Nos résultats retrouvent un déficit spécifique de rotation externe de hanche dans le membre ACL-R, alors que d’autres études n’ont montré aucune différence entre les membres pour la force de rotation interne et externe. La différence que nous avons trouvée est faible et pourrait n’être cliniquement significative que pour certaines personnes. Lors de la comparaison avec des témoins non blessés, les résultats sont mitigés.

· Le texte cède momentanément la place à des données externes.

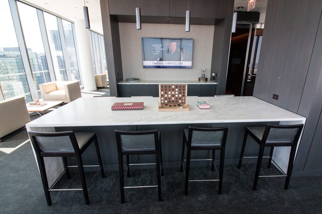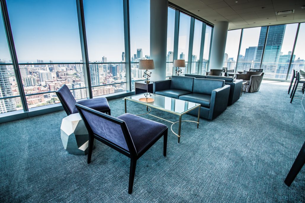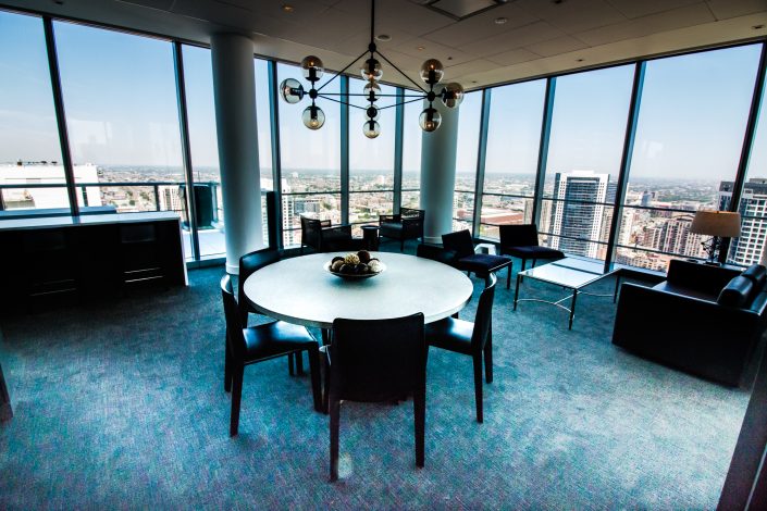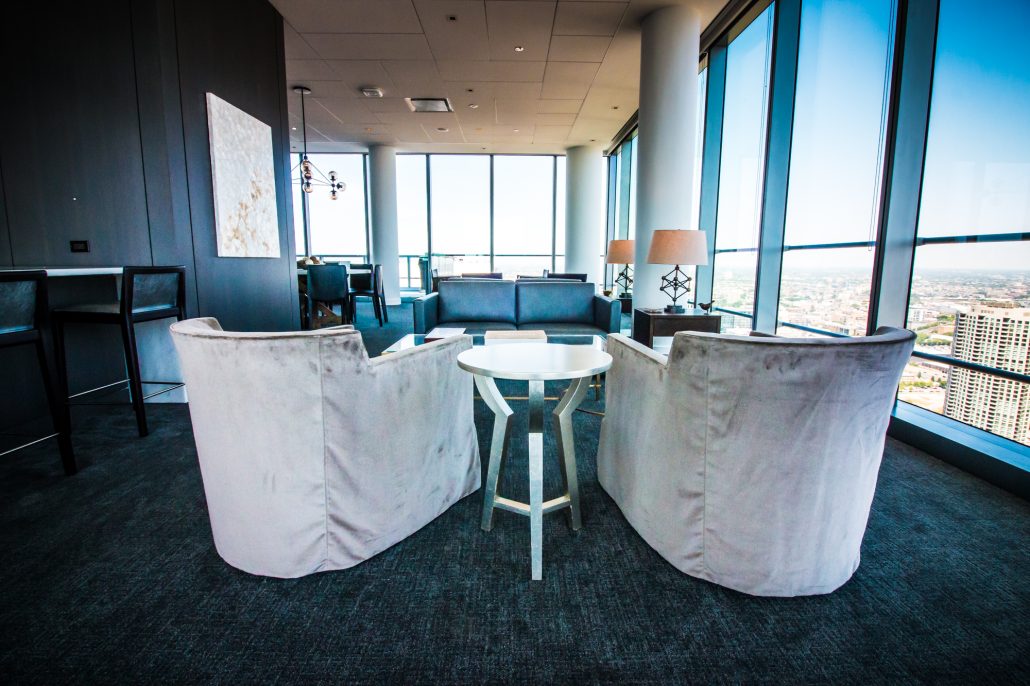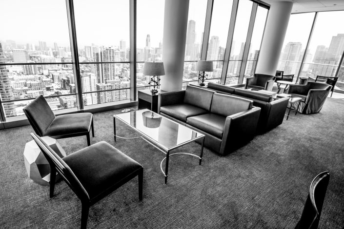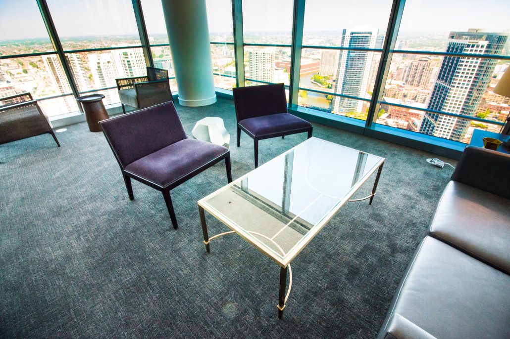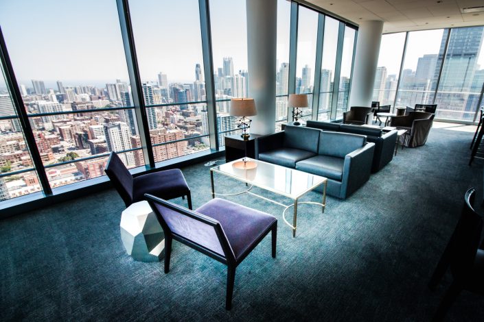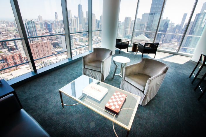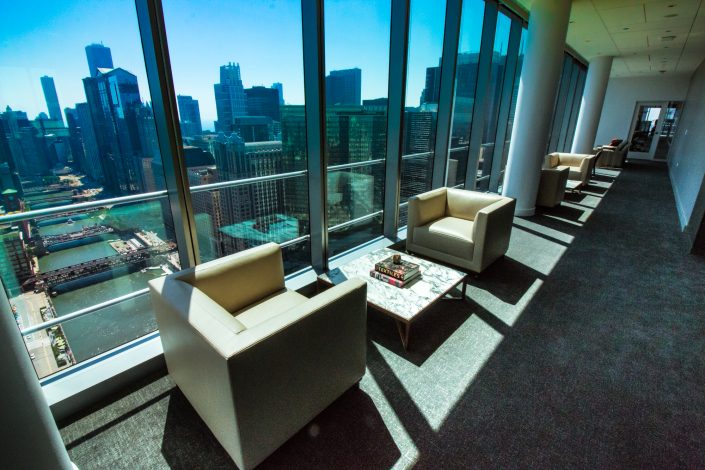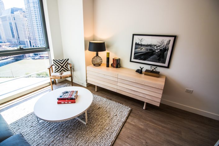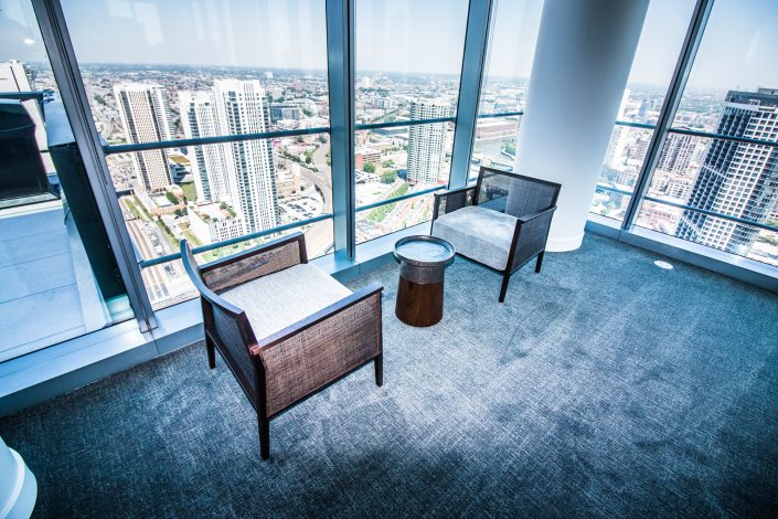 Elegantly responding to the confluence of the Chicago River, Wolf Point West’s design maximizes views in every direction rising 46 stories high. Residents will enjoy spectacular views from floor-to-ceiling windows, as well as inset balconies on select units. These brand new, stunning River North apartments feature refined architectural detailing with duotone, soft-close cabinetry, quartz countertops, undermount sinks and wood grained flooring. BOS furnished and installed common areas, business center, offices, and model units.

En comparant nos résultats aux données normatives publiées dans une autre étude avec un protocole identique, nos résultats de force de rotation externe de hanche sont plus faibles, mais similaires pour la rotation interne. Une partie de la variabilité dans la littérature et des différences observées par rapport à nos résultats peut être due à la nature spécifique de la tâche des stratégies de réadaptation, car la production de force musculaire de la hanche est spécifique à l’amplitude du mouvement.

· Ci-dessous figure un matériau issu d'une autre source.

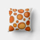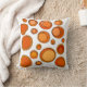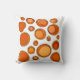 This throw pillow has sets of three circles or ovals in different shade of orange on a field of white. Want it in different colours? Message me.
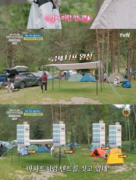 12일 방송된 tvN '텐트 밖은 유럽-로맨틱 이탈리아 편'(이하 '텐트 밖은 유럽')에서는 라미란, 곽선영, 이주빈, 이세영이 트레치메 뷰 캠핑장에 방문한 장면이 전파를 탔다.
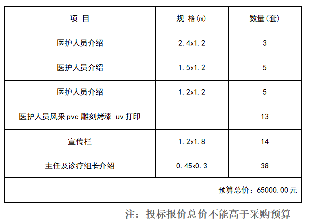 根据我院科室宣传需要,现需采购科室宣传栏制作,请符合资质的广告公司积极参与。

La faiblesse de rotation externe de hanche peut être un facteur de risque d’aggravation de la fonction du genou et de la santé du cartilage après une lésion du LCA. Ceci est cohérent avec les études sur l’arthrose du genou, où une plus grande force musculaire de la hanche était protectrice des lésions cartilagineuses tibio-fémorales dégénératives.

Les fortes relations positives entre la force de rotation de hanche et la performance fonctionnelle dans cette étude sont cohérentes avec les résultats précédemment rapportés dans les blessures du LCA. Cela confirme l’importance des muscles rotateurs de hanche lors de la propulsion unipodale : soit en tant que générateurs de force, soit en tant que stabilisateurs de l’articulation. Cela peut expliquer le lien entre la force de rotation de hanche et les résultats autodéclarés.

Limites

Nous n'avons recueilli que deux mesures de la force musculaire de hanche dans une seule position, et la mesure d'autres muscles des membres inférieurs aurait pu révéler des mécanismes contribuant à la faiblesse identifiée. On ne sait pas non plus si les différences de force ont contribué à la blessure et/ou à la rééducation du LCA, ou si elles en ont été la conséquence. Par exemple, des déficits de force du quadriceps allant jusqu’à 20% et une faiblesse des ischio-jambiers de 10% par rapport au côté non lésé peuvent être présents un an après une lésion du LCA. 

Conclusion

Une force de rotation externe de hanche plus faible un an après la rupture du ligament croisé antérieur a été associée à une fonction plus faible, à des résultats moins bons rapportés par le patient et à une détérioration de la santé du cartilage tibio-fémoral jusqu'à cinq ans après la reconstruction.
La force de rotation de la hanche peut jouer un rôle dans la progression de la maladie articulaire, des symptômes et de la fonction après une lésion du LCA, mais des travaux supplémentaires sont nécessaires pour comprendre si la relation est causale, et/ou si le fait de cibler la force de rotation de la hanche peut aider à prévenir ou à réduire la maladie future.

Référence article

Girdwood MA, Patterson BE, Crossley KM, Guermazi A, Whitehead TS, Morris HG, Rio EK, Culvenor AG. Hip rotation muscle strength is implicated in the progression of early post-traumatic osteoarthritis: A longitudinal evaluation up to 5 years following ACL reconstruction. Phys Ther Sport. 2023 Sep;63:17-23. doi: 10.1016/j.ptsp.2023.06.001. Epub 2023 Jul 3. PMID: 37419038.